» **Problem details**
Exclude the pictures, then repeat the remaining data exactly.

» **Information provided**
BEGIN
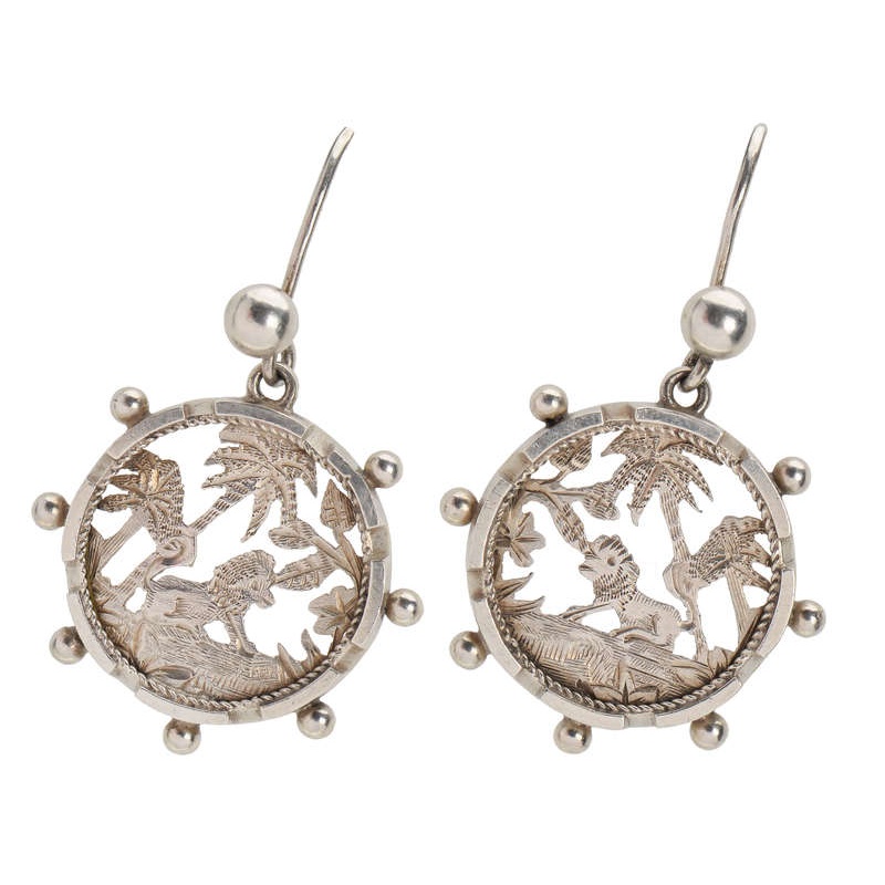 A scarce theme for Victorian silver jewelry, these whimsical sterling silver lion in the jungle motif earrings are fully hallmarked providing clues to their 142 old year history. In a rondel of silver, two palm trees and large and small leafy shrubs shade
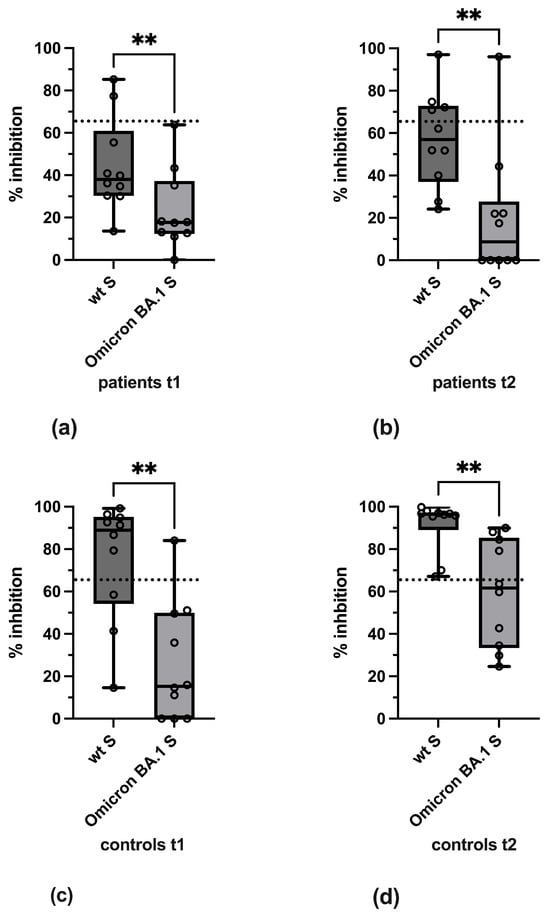 Pairwise comparison of neutralizing antibodies against wild-type S and BA.1 Omicron S by pVNT for (a) IBD patients at t1, (b) IBD patients at t2, (c) controls at t1, and (d) controls at t2. Boxes depict 25% to 75% percentiles, min. and max. values are given by whiskers, individual values are shown, the variable median is indicated by line. The significance of differences was determined by Wilcoxon test. ** p < 0.01. The cut-off value of the pVNT (≥65% inhibition) is indicated by dashed lines.
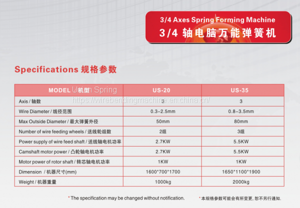 1. US-20 computer spring forming machine adopts Taiwan computer control system and Japanese imported servo motor, with convenient and fast operation, high speed and high precision
END
» **The completed task**
 A scarce theme for Victorian silver jewelry, these whimsical sterling silver lion in the jungle motif earrings are fully hallmarked providing clues to their 142 old year history. In a rondel of silver, two palm trees and large and small leafy shrubs shade
 Pairwise comparison of neutralizing antibodies against wild-type S and BA.1 Omicron S by pVNT for (a) IBD patients at t1, (b) IBD patients at t2, (c) controls at t1, and (d) controls at t2. Boxes depict 25% to 75% percentiles, min. and max. values are given by whiskers, individual values are shown, the variable median is indicated by line. The significance of differences was determined by Wilcoxon test. ** p < 0.01. The cut-off value of the pVNT (≥65% inhibition) is indicated by dashed lines.
 1. US-20 computer spring forming machine adopts Taiwan computer control system and Japanese imported servo motor, with convenient and fast operation, high speed and high precision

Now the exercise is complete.